• _GIVEN DATA_
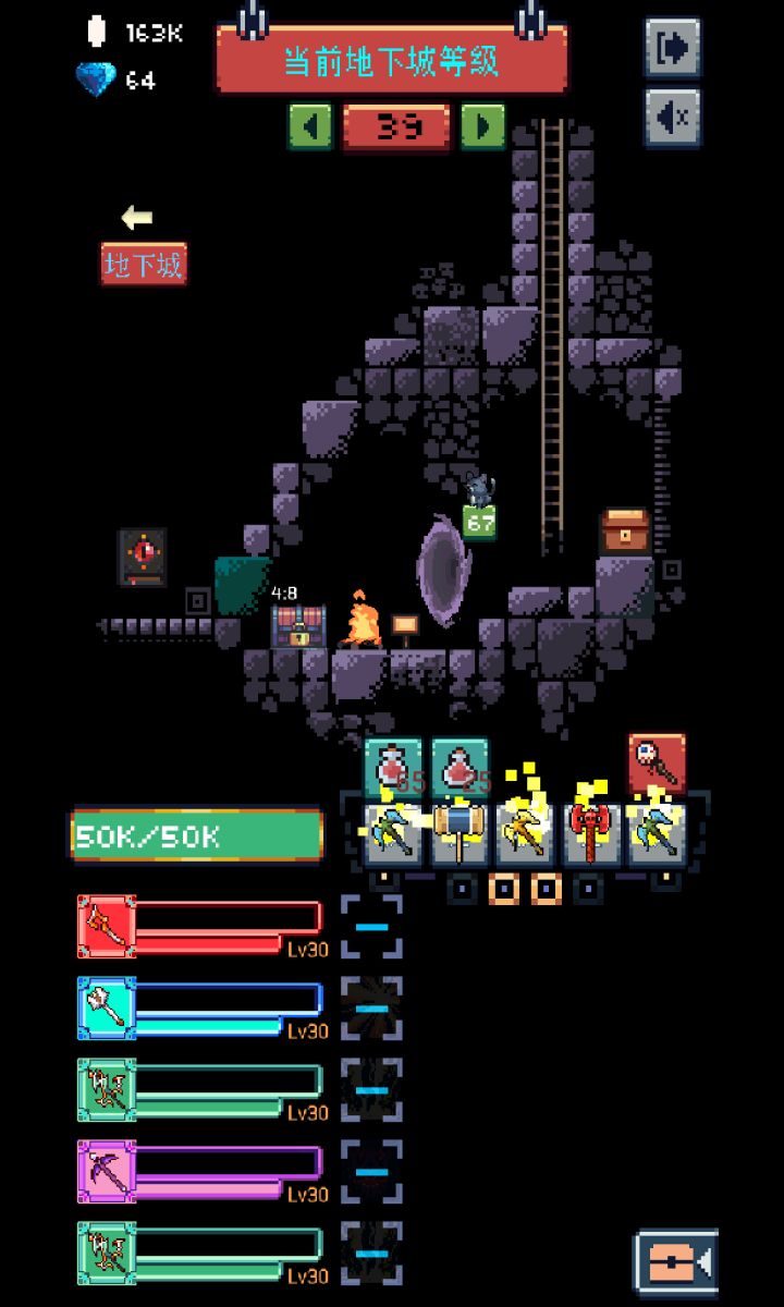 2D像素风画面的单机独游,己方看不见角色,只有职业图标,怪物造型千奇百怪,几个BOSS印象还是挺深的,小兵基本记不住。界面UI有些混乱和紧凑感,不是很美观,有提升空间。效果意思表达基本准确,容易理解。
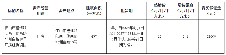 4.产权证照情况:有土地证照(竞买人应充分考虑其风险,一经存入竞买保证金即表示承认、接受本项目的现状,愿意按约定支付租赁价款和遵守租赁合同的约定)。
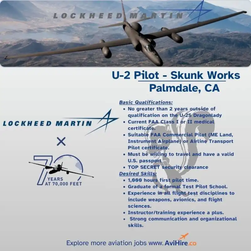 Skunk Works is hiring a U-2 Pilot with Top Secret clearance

...

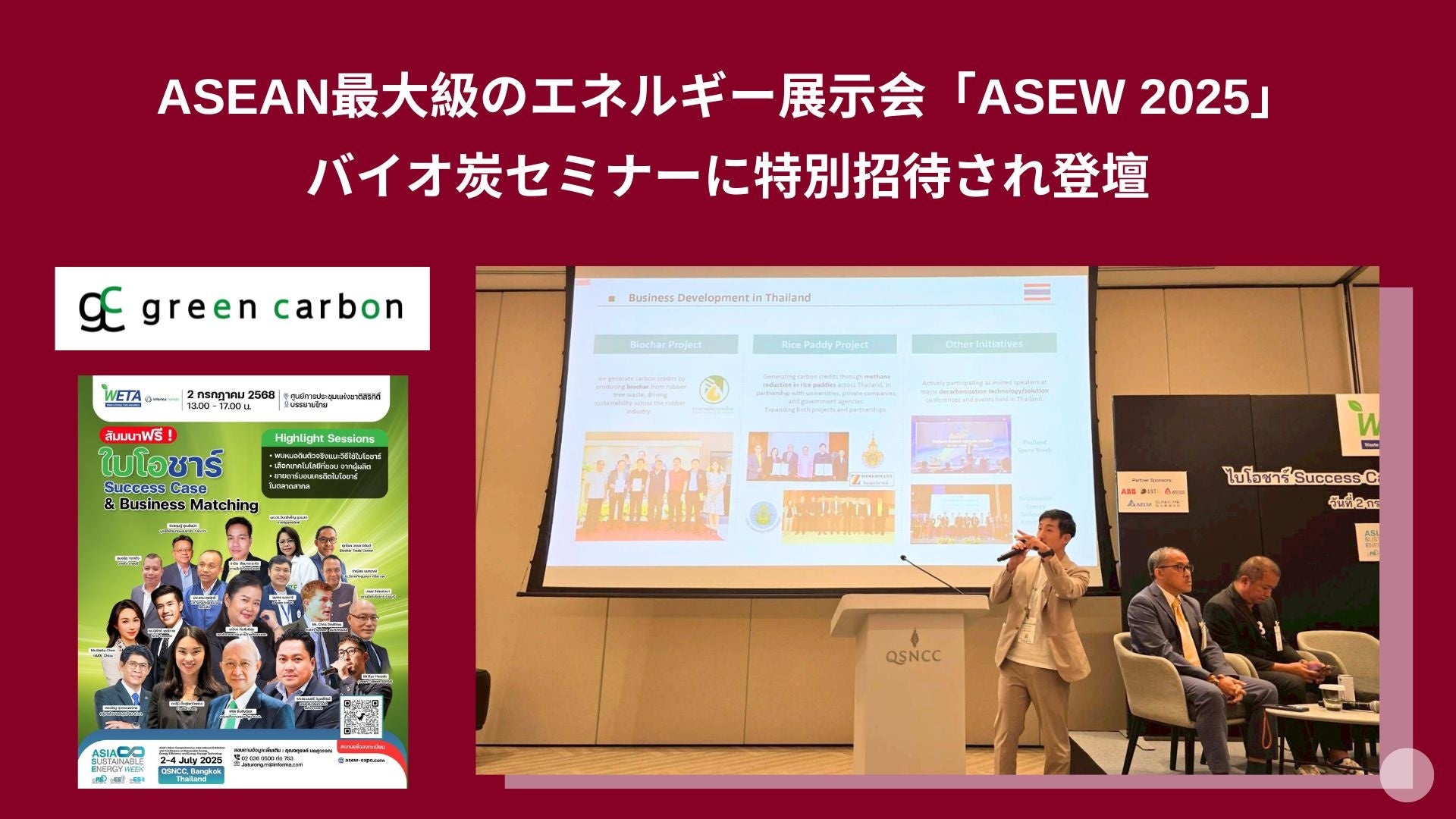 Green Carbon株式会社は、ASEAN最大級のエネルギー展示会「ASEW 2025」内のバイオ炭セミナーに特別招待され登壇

• _PROBLEM STATEMENT_
Print, exactly and with no pictures, the lines of the listing above starting at the one that has "2D像素风画面的单机独游,己" and ending at the one that has "Skunk Works is", both included.

• _OUTPUT FOR THIS TASK_
 2D像素风画面的单机独游,己方看不见角色,只有职业图标,怪物造型千奇百怪,几个BOSS印象还是挺深的,小兵基本记不住。界面UI有些混乱和紧凑感,不是很美观,有提升空间。效果意思表达基本准确,容易理解。
 4.产权证照情况:有土地证照(竞买人应充分考虑其风险,一经存入竞买保证金即表示承认、接受本项目的现状,愿意按约定支付租赁价款和遵守租赁合同的约定)。
 Skunk Works is hiring a U-2 Pilot with Top Secret clearance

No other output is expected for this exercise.